И что же? Именно в это время, одним из дождливых вечеров, когда, как назло, старших, кроме бабки Авдотьи, дома не было, следовательно, за всей ситуацией трудно было углядеть, где–то совсем рядом, почти что над головами, бабахнул гром. (На следующее утро обнаружили оплавленное место в кресте Алексиевой церкви и «чёртов круг» в том пятачке, куда опущен громоотвод). Дети в тот момент играли кто в «слова–шарады» под предводительством Авдотьи Никифоровны, кто возился с куклами. А кузен Анатолий – картавый, всклокоченный малыш, крепкий и загорелый как сушка, которую он жевал, – раскачивал босой ногой табурет и вспоминал считалку о крыльце и о короле. Он забыл, какой персонаж шёл за сапожником.

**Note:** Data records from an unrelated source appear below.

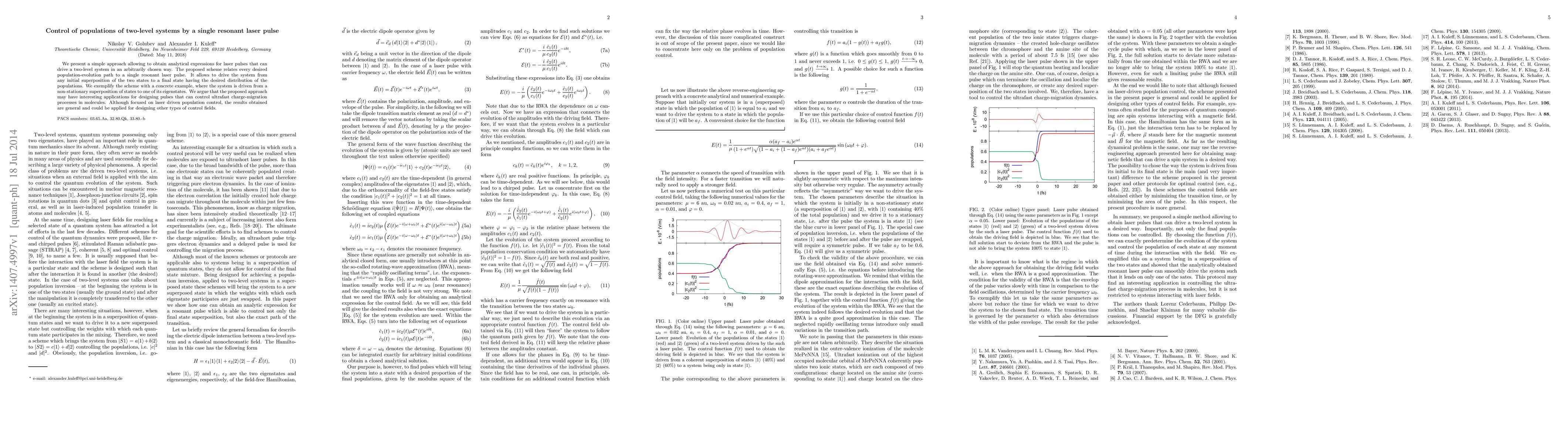 This paper proposes a method for controlling two-level systems using a single resonant laser pulse, providing analytical expressions for desired population evolution paths. The scheme can drive systems from any initial state to a final state with a specified population distribution, with potential applications in ultrafast charge-migration control in molecules.
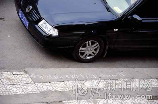圖為面對地面上寫有“晉LHH0XX,請到北城女子中隊處理”的違規停車告知單,一輛牌照為晉L352XX汽車,視而不見地停在了旁邊。
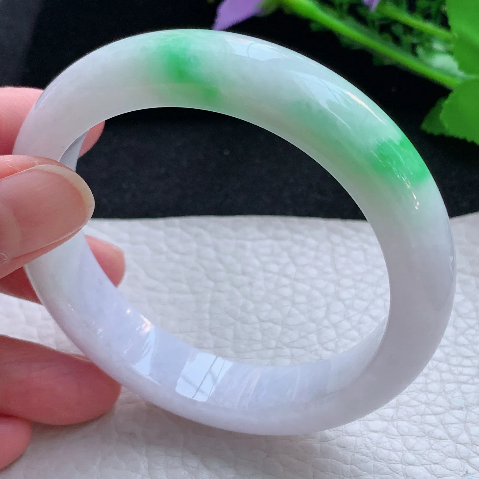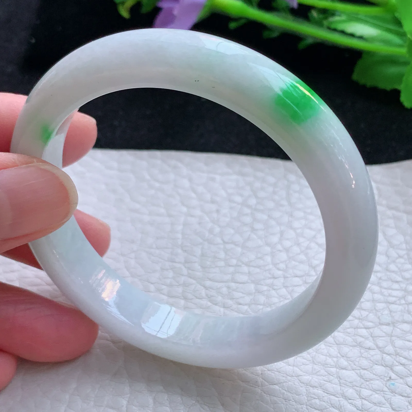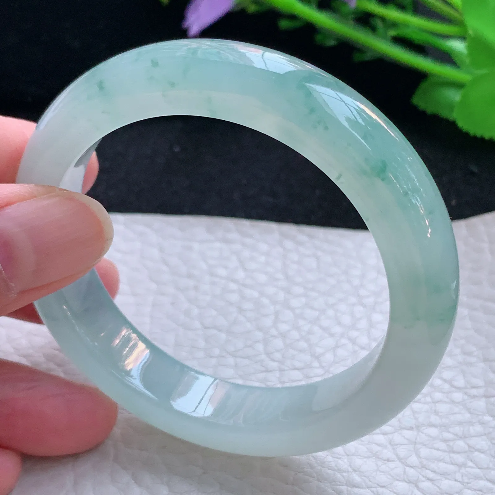 【翡翠名称】老种飘绿花54.8正圈口翡翠手镯 【翡翠尺寸】54.8*11.3*9.5mm适合53.8
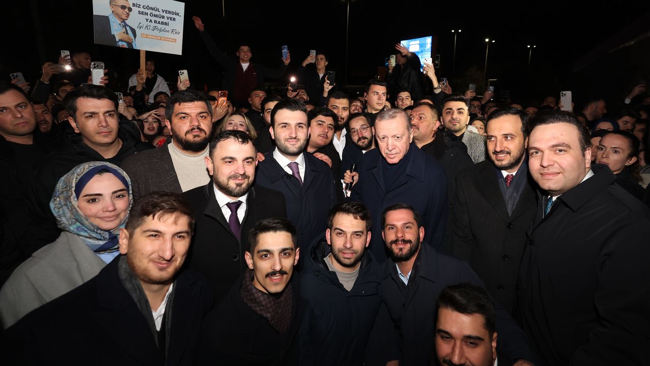 Erdoğan, doğum gününü kutlayan ve aracına karanfil atarak sevgi gösterisinde bulunan gençlerle bir süre sohbet etti, fotoğraf çektirdi. Bu sırada bazı gençler Cumhurbaşkanı Erdoğan'ın elini öptü.

– Кагхоль, какхалевич, шапожник… кто, кто!? – крикнул он одновременно со вторым, ещё более мерзким и страшным раскатом.
Но дети, даже не услышав его, закричали, повскакивали с мест, ринулись со страху кто куда.
– Надо окна закрыть! – гаркнул Михейша. Да так полезно и умно крикнул, как его по предмету грозы учили–погоняли отец с матерью, а тут весьма кстати случился экзамен.
– И двери! – присовокупила Ленка. И сказала так пискляво, и так покойно и несоответственно силе беды, будто она – взрослая – сидела в детском кабаке, а тут случилась драка. А она была сильней и спокойней всех. И она просквозила слова через трубочку так спокойно, будто ей абсолютно безразлична вся эта детско– кабацкая паника. Или как будто ей напрочь опостылела бурная, шумная жизнь, И она по законам обычно–драчливого и изредка забавного ковбойского времяпровождения продолжала вместе с не такими уж важными словами выпускать розовые коктейлевые пузыри.
Но было уже поздно. В Ресторан Восточного Вокзала величаво и медленно – как гроб первой категории – вплывал без спросу и приглашения томящийся огненно–красным цветом, колеблющийся и потрескивающий искрами, то ли полупрозрачный и включённый в небесную электросеть Плафон, то ли приличной астраханской величины огненный арбуз.
Народ догадался тут же.
– Это шаровая молния, – прошептала, остановившись, упёршаяся локтями в печь, Оля. И по–взрослому, будто рядом с пожаром, лаконично и по делу заорала: «Люди, беда!»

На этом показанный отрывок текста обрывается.